For the purpose of performing the annual impairment test as of September 30, 2010, the indefinite-lived
intangible assets were aggregated and combined into a single unit of accounting. The Company believes that
utilizing its indefinite-lived intangible assets as a group represents the highest and best use of the assets, and the
value of the indefinite-lived intangible assets would not be significantly impacted by a sale of one or a portion of the
indefinite-lived intangible assets, among other factors. No impairment was recognized as the fair value of the
indefinite-lived intangible assets exceeded their carrying value as of September 30, 2010. Although the Company
does not expect its estimates or assumptions to change significantly in the future, the use of different estimates or
assumptions within the discounted cash flow model when determining the fair value of the indefinite-lived
intangible assets or using a methodology other than a discounted cash flow model could result in different values for
the indefinite-lived intangible assets and may affect any related impairment charge.
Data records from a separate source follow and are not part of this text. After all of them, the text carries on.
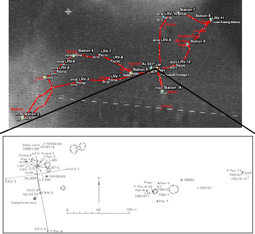 Station 0 includes the area around the Lunar Module (LM). It also includes the areas where the astronauts deployed the Apollo Lunar Surface Experiments Package (ALSEP) and the Surface Electrical Properties Experiment (SEP). The ALSEP was deployed approximately 185 meters west-northwest of the LM and included the Lunar Seismic Profiling, Heat Flow, Lunar Surface Gravimeter, Lunar Ejecta and Meteorites, and Lunar Atmospheric Composition experiments. The SEP was deployed about 120 m east of the LM. Other activities included sample collection, a deep core sample, traverse gravimeter measurements, deployment of the Lunar Neutron Probe and Cosmic Ray Experiments, and photography.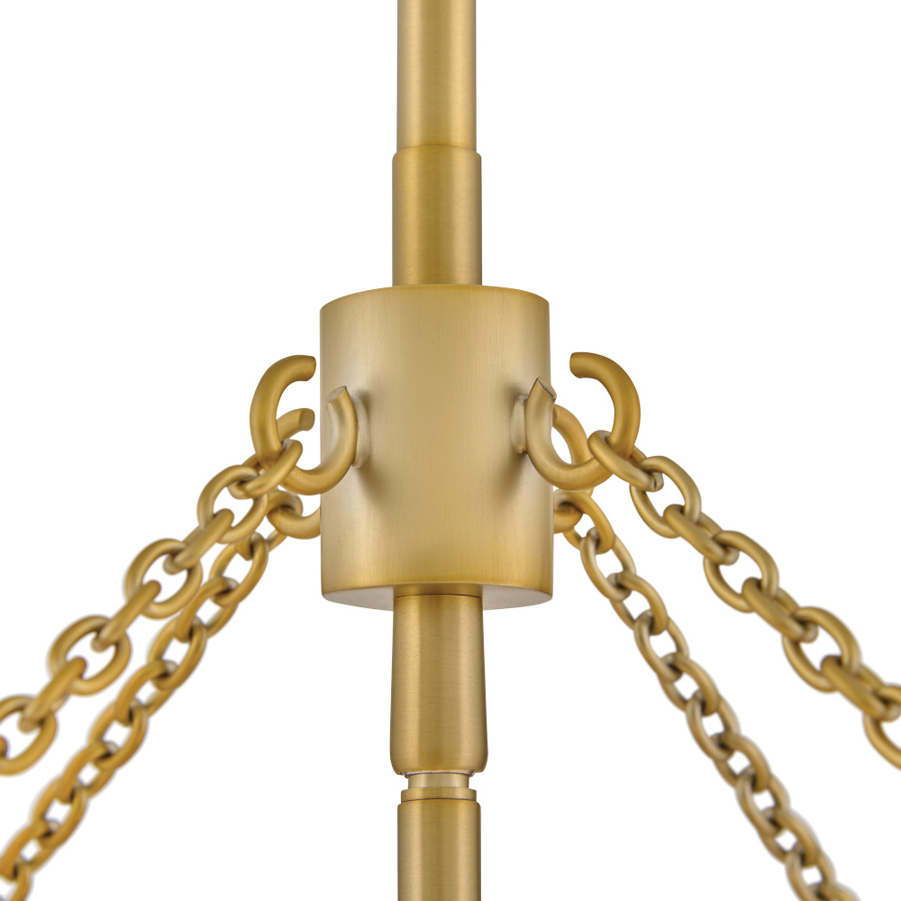 Splendidly soft, Gwen’s shapely scalloped shade complements inviting light with layers of Off-White Linen suspended from delicate chains and minimal metal stems. A Black or Lacquered Brass finish provides a versatile complement to any interior style.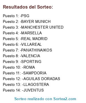 Lista de participantes: -SPORTING, -SAMPDORIA, -ROMA, -VILLAREAL, -MANCHESTER UNITED, -BAYER MUNICH, -REAL MADRID, -AGUILAS DORADAS, -PANATHINAIKOS, -LLAGOSTERA, -JUVENTUS, -MARSELLA, -PSG, -VALENCIA.

The most significant
assumptions within the Company’s discounted cash flow model are the discount rate, the projected growth rate and
management’s future business plans. A one percent decline in annual revenue growth rates, a one percent decline in
annual net cash flows or a one percent increase in discount rate would not result in impairment as of September 30,
2010.
Furthermore, there have been no subsequent indicators of impairment including those indicated in ASC 360
(Topic 360, “Property, Plant, and Equipment”). Accordingly, no subsequent interim impairment tests were
performed.
Advertising and Promotion Costs
Advertising and promotion costs are expensed as incurred and are included in selling, general and administrative
expenses in the accompanying consolidated statements of income and comprehensive income. Advertising costs
totaled $187.3 million, $150.8 million and $99.0 million during the years ended December 31, 2010, 2009 and 2008,
respectively.
Income Taxes
The Company records income taxes pursuant to ASC 740 (Topic 740, “Income Taxes”). ASC 740 uses an asset
and liability approach to account for income taxes, wherein deferred taxes are provided for book and tax basis
differences for assets and liabilities. In the event differences between the financial reporting basis and the tax basis
of the Company’s assets and liabilities result in deferred tax assets, a valuation allowance is provided for a portion
or all of the deferred tax assets when there is sufficient uncertainty regarding the Company’s ability to recognize the
benefits of the assets in future years.
The Company accounts for uncertainty in income taxes recognized in the financial statements in accordance with
ASC 740, which provides guidance on the financial statement recognition and measurement of a tax position taken
or expected to be taken in a tax return. ASC 740 also provides guidance on de-recognition, classification, interest
and penalties, accounting in interim periods, disclosures, and transition issues.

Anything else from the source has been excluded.